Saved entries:
================================

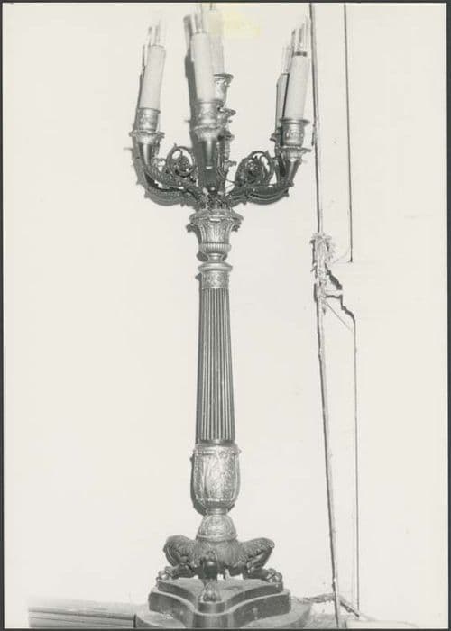 Le socle se constitue de trois pieds en forme de pattes de fauve. La base du faisceau est ornée de palmes et celui-ci est cannelé. En son sommet, chapiteau à palmes s'évasant plus largement. Il comporte sept branches dont une centrale.
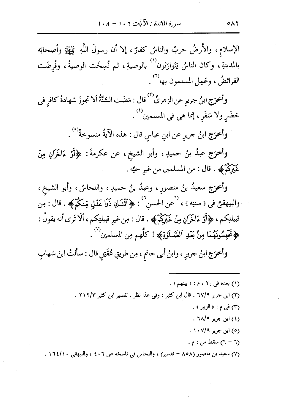 وأخرج ابن جرير ، وَابن المنذر ، وَابن أبي حاتم وأبوالشيخ عن قتادة في قوله {ذلك أدنى أن يأتوا بالشهادة على وجهها} يقول : ذلك أحرى أن يصدقوا في شهادتهم {أو يخافوا أن ترد أيمان بعد أيمانهم} يقول : وأن يخافوا العنت.
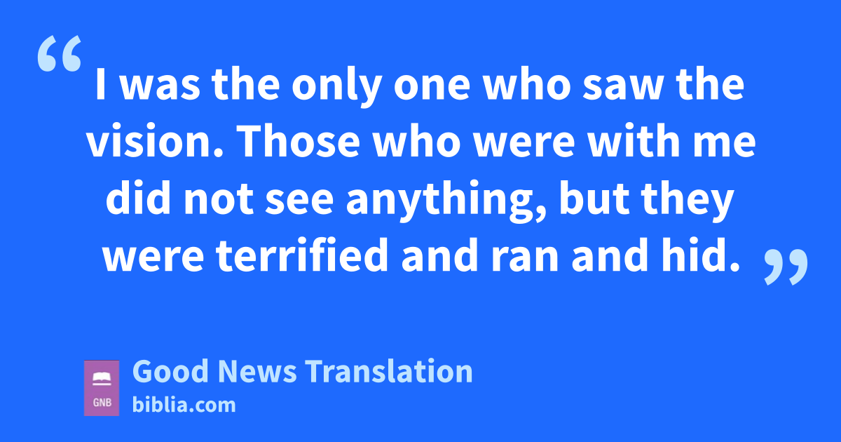 7 I was the only one who saw the vision. Those who were with me did not see anything, but they were terrified and ran and hid. 8I was left there alone, watching this amazing vision. I had no strength left, and my face was so changed that no one could have recognized me. 9When I heard his voice, I fell to the ground unconscious and lay there face downwards. 10Then a hand took hold of me and raised me to my hands and knees; I was still trembling.
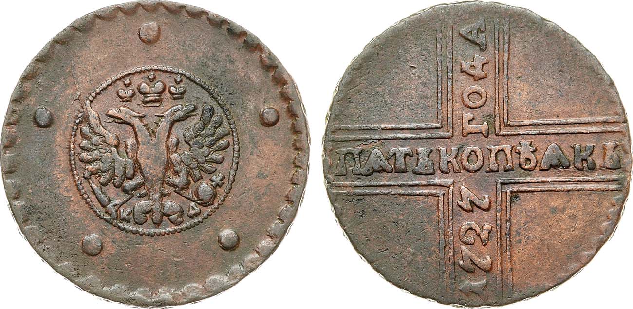 Медь. 15,59г. Красный монетный двор. Аверс: 5 перьев в хвосте орла. Реверс: "КОПѢѦКЪ". Уздеников 2463. Биткин 304. Дьяков 87, 43. Brekke 53, 30. AU 55.
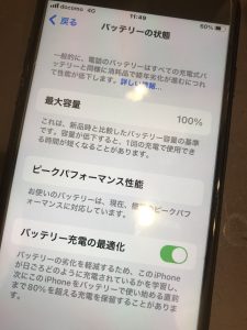 正常にバッテリー交換が完了し、最大容量も写真の通り100%になっていることを確認できました。
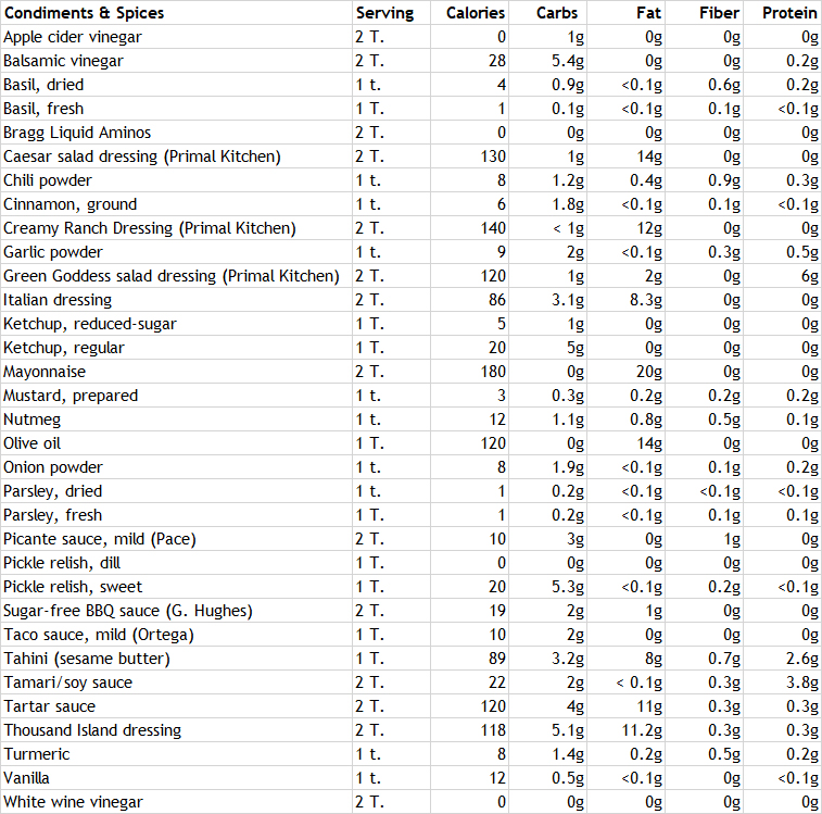 Condiments and seasonings are areas where it’s very tempting to buy ready-made products. If you do, please read the labels carefully! Scrutinize the ingredients list for any forms of sugar (dextrose, maltodextrin, high fructose corn syrup) and any mention of industrial vegetable/seed oils (canola, corn, cottonseed, grapeseed, safflower, soybean, and sunflower oil).

================================

» **BRIEF**:
Print every line above exactly as given, but not the pictures.

» **REPLY**:
 Le socle se constitue de trois pieds en forme de pattes de fauve. La base du faisceau est ornée de palmes et celui-ci est cannelé. En son sommet, chapiteau à palmes s'évasant plus largement. Il comporte sept branches dont une centrale.
 وأخرج ابن جرير ، وَابن المنذر ، وَابن أبي حاتم وأبوالشيخ عن قتادة في قوله {ذلك أدنى أن يأتوا بالشهادة على وجهها} يقول : ذلك أحرى أن يصدقوا في شهادتهم {أو يخافوا أن ترد أيمان بعد أيمانهم} يقول : وأن يخافوا العنت.
 7 I was the only one who saw the vision. Those who were with me did not see anything, but they were terrified and ran and hid. 8I was left there alone, watching this amazing vision. I had no strength left, and my face was so changed that no one could have recognized me. 9When I heard his voice, I fell to the ground unconscious and lay there face downwards. 10Then a hand took hold of me and raised me to my hands and knees; I was still trembling.
 Медь. 15,59г. Красный монетный двор. Аверс: 5 перьев в хвосте орла. Реверс: "КОПѢѦКЪ". Уздеников 2463. Биткин 304. Дьяков 87, 43. Brekke 53, 30. AU 55.
 正常にバッテリー交換が完了し、最大容量も写真の通り100%になっていることを確認できました。
 Condiments and seasonings are areas where it’s very tempting to buy ready-made products. If you do, please read the labels carefully! Scrutinize the ingredients list for any forms of sugar (dextrose, maltodextrin, high fructose corn syrup) and any mention of industrial vegetable/seed oils (canola, corn, cottonseed, grapeseed, safflower, soybean, and sunflower oil).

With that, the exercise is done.